Fixed issues from the doc.

• nativeToScVal string-to-u32/i32 — strict parsing: Replaced parseInt() with BigInt() for the string path. Rejects trailing junk ("123abc"), correctly parses hex/octal/binary prefixes (e.g., "0x10" → 16 instead of 0), and applies the same range validation as the number/bigint path.

• Memo.id() — reject non-plain-digit strings: Added a /^[0-9]+$/ regex guard to reject scientific notation ("1e18") and decimal strings ("1.0") that passed BigNumber validation but crashed in BigInt() during XDR serialization.

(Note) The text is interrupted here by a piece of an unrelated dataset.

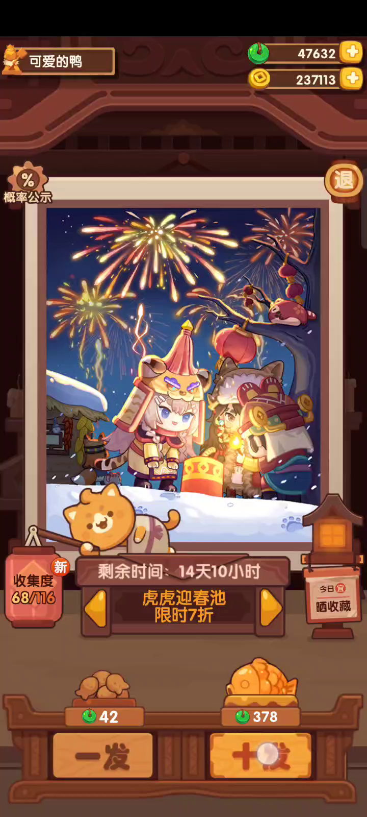 抽了90发虎年,除了礼包结束了,剩下抽了41发端午,才发现我端午一共要200多。。。而狗年只要56。。。我又选错了😭

• TransactionBuilder.build() — fee overflow protection: Total fee (baseFee * operations, plus resourceFee for Soroban) is now checked against the uint32 maximum before XDR construction. Previously, overflow produced an invalid XDR value caught only at serialization with a confusing error.

• TransactionBuilder.cloneFrom() — zero-operation guard: Rejects transactions with no operations upfront, instead of silently producing a builder with baseFee set to Infinity (from division by zero).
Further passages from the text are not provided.